Most importantly, Shahidul has been able to demonstrate and convince others that successful advanced computer education can be taken down to the village level. For the immediate future, Shahidul wants to continue to organize computer orientation courses for schools to motivate both the management and students to invest in computer studies. His success has led a number of individuals to approach him about establishing similar institutes in other parts. He also wants to bring on board an Internet service provider to provide affordable Internet access in his area. Over the next five years, he hopes to assist in developing five more polytechnics and to continue working towards the ultimate goal of having training centers in every district of Bangladesh.

The Person

Shahidul's father passed away when he was very young, leaving Shahidul's older brothers to support the family. Despite the constant financial worries the family faced, Shahidul demonstrated leadership skills from an early age. When he was twelve-years-old, he formed a club to repair bamboo bridges and roads, plan sports events, plant trees, and so forth. While studying statistics at university, he was introduced to computers. At the time there was only one computer at the university and this was off-limits to most students.
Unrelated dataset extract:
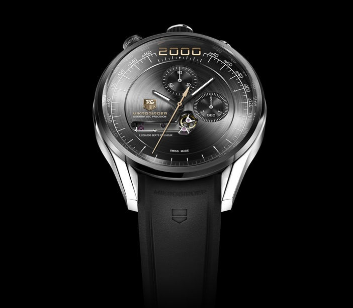 The TAG Heuer Mikrogrinder 2000 is one of the nicest TAG watches I’ve seen in a while and it’s the world’s fastest mechanical regulator watch. The watch’s chronograph is accurate to 1/2,000th of a second! I don’t know why you’d need that in a mechanical watch but it’s still an incredible feat. When the chronograph function is deployed, the second hand does a complete rotation 20 times per second, that’s fast enough to put you in a coma if you stare at it for a few minutes.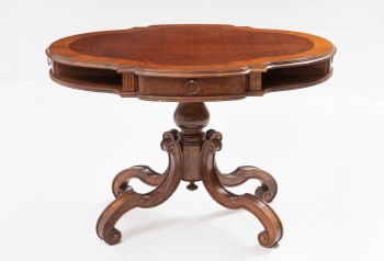Mesa de juego en madera de caoba tallada con decoración vegetal y 4 cajones. Estilo Regencia.

To gain access to it, he enrolled in a graduate-level course, which opened doors for him to work at the computer center. After graduating, he started his own computer center with money given to him by a friend. Later he worked in two research programs, including one run by the Grameen Trust, and then in a UNDP-funded project. These various work experiences allowed him to see more clearly what needed to be done. He also started a data entry and computer training enterprise, the profits from which he used to launch the first polytechnic institute.